The Contorno Brothers' recipes and typical Sicilian ones

Sicilian cuisine is extremely varied and complex, it is considered one of the richest specialties of Italy.

La Sicilian cooking it is appreciated all over the world, handed down from generation to generation it represents a a source of pride for Sicilians. Its origins are very ancient, dating back to Greek times but the influences received over time are many, the Romans, the Arabs or the Normans just to name a few. Sicilian dishes are a true journey through history, the first courses, the second courses, the side dishes and the desserts are characterized by gods flavors that are difficult to forget.

At the base of the dishes of Sicilian cuisine there are the raw material that grow in fertile soil and with a mild climate, perfect condition for having quality products high quality.

The whole region is rich in vegetables and greens from which famous dishes such as Caponata are born aubergines or the sweet and sour pancake.

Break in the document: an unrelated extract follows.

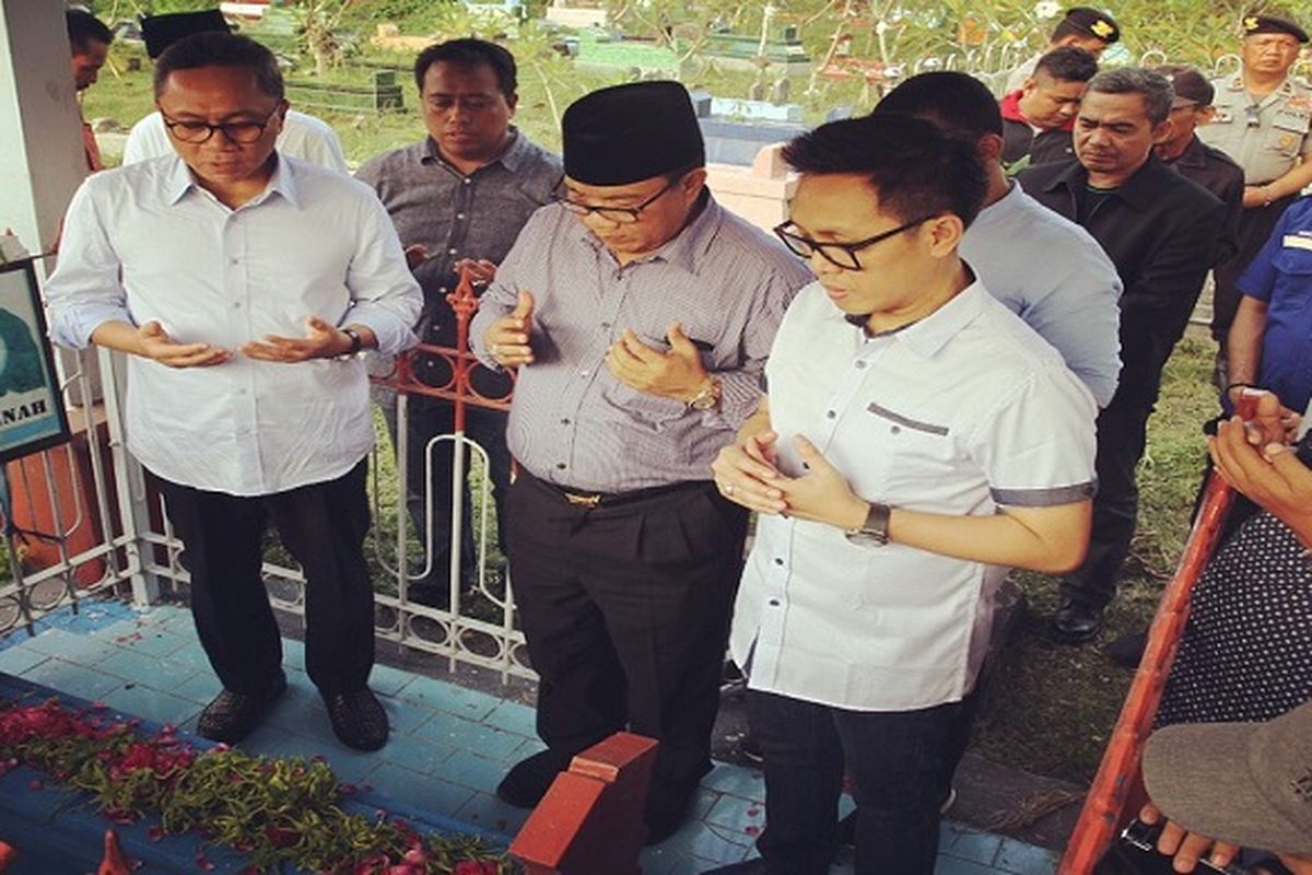 NGANJUK-Ketua MPR Zulkifli Hasan berziarah ke makam aktivis buruh Marsinah di pemakaman desa Sukomoro, Nganjuk Kamis (19/4). Zulkifli Hasan ditemani oleh Pakde dari Marsinah Bapak Suwadi

Fish is traditionally very present on Sicilian tables. The salt is mainly marine, the dishes are embellished with aromatic herbs that grow in abundance: fennel seeds and wild fennel, together with jasmine, pine nuts, raisins, toasted breadcrumbs, orange zest, lemon juice, etc.

Capers, garlic and onion are also often present in the preparations. At the center of the meal is the pasta, or a legume dish (fresh broad beans, dried broad beans, lentils, spelled, chickpeas).

We want to do with you a trip among the cities of the Sicilian territory, discovering those recipes they have made Sicily known throughout the world.

Enter the small world of Fratelli Contorno recipes and discover many curiosities about the characteristics of the typical ingredients of Sicilian cuisine.